Мы страшно довольны друг другом.
Затем следуют визиты. В них принимают участие три автора и половина сотрудников редакции. Решаются сотни вопросов. Телефон бренчит не переставая. Головная боль, поначалу отступившая, возвращается, и я со страхом думаю, что вечером она доймет меня до воя звериного. Некоторое время я терплю и сильно страдаю, но когда эта беда осложняется еще и внезапной изжогой, иду в медпункт. Там мне оказывается неотложная помощь в виде таблетки пятерчатки для устранения мигрени и в виде сочувствий по поводу изжоги, ибо запас соды неделю как вышел.
Хватаясь за различные стационарные предметы, я приползаю в буфет, где не сходя с места выдуваю три бутылки лимонада. Становится еще хуже, поскольку общая мерзость моего состояния усугубляется от сладкого и холодного лимонада зубной болью. Болит дупло зуба, которое я собираюсь зашпаклевать едва ли не год.
Качаясь и лязгая, как лихорадочный, зубами, я возвращаюсь к себе, запираю дверь и, с надеждой ожидая благотворного действия пятерчатки, просматриваю корреспонденцию. Очень хочется спать. Нет, такой жизнью я себя быстро угроблю. И патрон мой мне об этом заметил правильно. Патрон, он же художественный руководитель моих литературных потуг, – крупный поэт, возраста среднего, но мудр, как старец: живет в лесу, бегает, невзирая на погоду, по тропинкам, за стол садится с рассветом и творит до обеда, после обеда читает, гуляет, решает издательские вопросы и интеллектуально совершенствуется. Стихи его, правда, год от года скучнее и серее, но, говорят, главное – здоровье. Нет, патрона я уважаю, это подвиг – жить так. Я и захочу, не сумею. Дурак. Самоубийца. Вырожденец.
Игорь Егоров
К Михаилу я прибыл под вечер. На рейсовом автобусе.
Сошел. Шоссе, вдоль него – тонущая в сугробах деревня, свет, мерцающий в обледенелых оконцах, чистый, выстуженный ветром с заснеженных полей воздух.
Михаил только отужинал. Жирные после еды губы, расстегнутый ворот рубахи, меховая безрукавка... Сели пить чай. Я оглядывал кухню. Крашеный деревянный пол, холодильник, в углу, на столике, заботливо прикрытый чистой простынкой – самогонный аппарат Мишкиного отца, в вопросах выпивки большого специалиста и любителя. Что, кстати, странно, – дурных наклонностей родителя своего Мишка не перенял: не пил, не курил и ни малейшей потребности в приятных отравлениях организма не испытывал.
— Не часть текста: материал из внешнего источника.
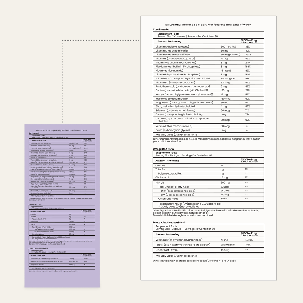 "This is a vital time to support your baby's organ and neural development with a full-spectrum prenatal and extra folate. Additionally, the Anti-Nausea formula eases those first trimester symptoms."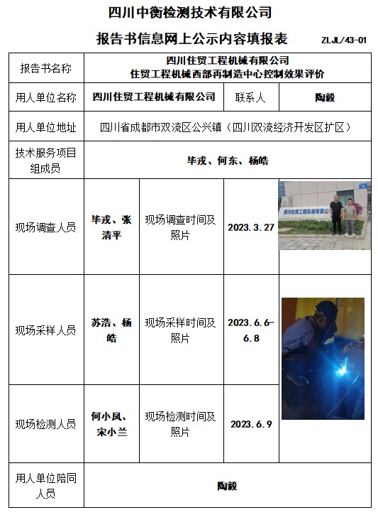四川住贸工程机械有限公司 住贸工程机械西部再制造中心控制效果评价
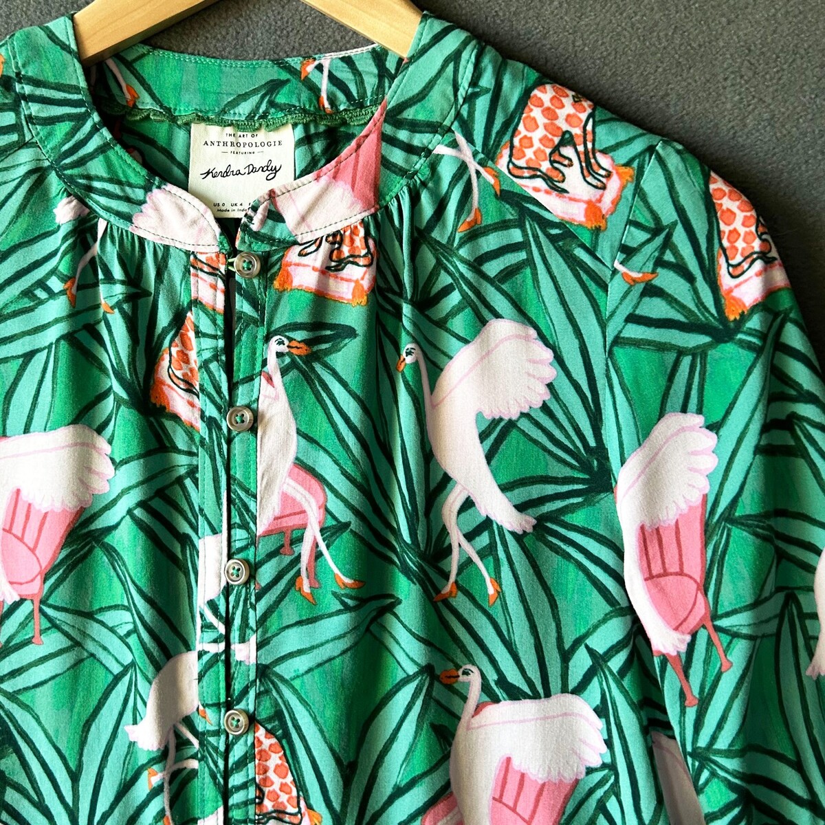 Kendra Dandy Anthropologie Camisa Buttondown Shirt Green Pink - Women's Size 0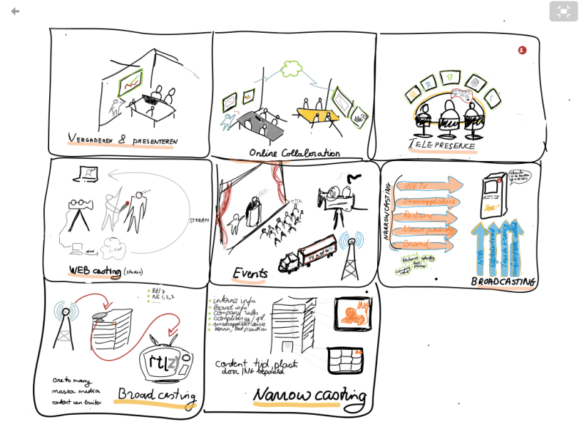 - Online collaboration (OC): Vergaderen en presenteren aangevuld met opname faciliteiten en een verbinding tussen 2 of meer locaties met als doel op de locaties een overleg met elkaar te kunnen houden en audio/visueel informatie te kunnen delen (zie bijlage). Teleprsence is de luxe vorm van VC, voornamelijk voor continue gebruik met name internationaal.

– Во, – Мишка кивнул на мешок, втиснутый под стол с самогонной аппаратурой. – Дотащишь?
Я выволок мешок на середину кухни. Пуд, не меньше.
– Эва, – раздался из-за двери скрипучий старческий голос, – ироды. Со священными-то иконами как обходятся... Тьфу! Ироды и есть!
– Бабуля! – гавкнул Михаил, отворяя дверь, за ней я успел заметить сморщенное старушечье лицо с острыми, зловредными глазками. – Скройся!
– Не простится грех! – прошамкал голос в ответ.
– Вот... черт! – возвысил тон Михаил. – Ворона старая.
– Не чертакайся, – рассудительно произнесла Мишкина религиозная бабка. – Ишь, дьявол рыжий!
Мишка захлопнул дверь, вернулся к столу. Хмурый. Да и мне что-то стало невесело, глядя на этот мешок... В чем-то мы ошибались сейчас, совестью понимал.
– Висели иконки когда-то в домах, – сказал я, кашлянув. – Свидетели, так сказать, бытия...
– Ну хватит трепаться! – внезапно взорвался Мишка, будто думал о том же и это его раздражало.
Я обследовал доски. Трухлявые, искривленные, сплошь изъеденные древоточцем, все – черные, как сажей обмазаны, ничего не разобрать...
– Познакомился сегодня с одним клиентом, – оглянувшись на дверь, поведал Михаил. – Оттуда. Кэмпбэлл зовут. По-русски соображает. Ну везу его, значит. Разговор. Спрашиваю: как вы, мол, к русской старине? Положительно, говорит. А насчет иконок вообще конкретный интерес имеется. Ну, короче, без обиняков... Я, говорит, математик, сюды приехал на месяц, так что будут предложения – плиз, не стесняйся.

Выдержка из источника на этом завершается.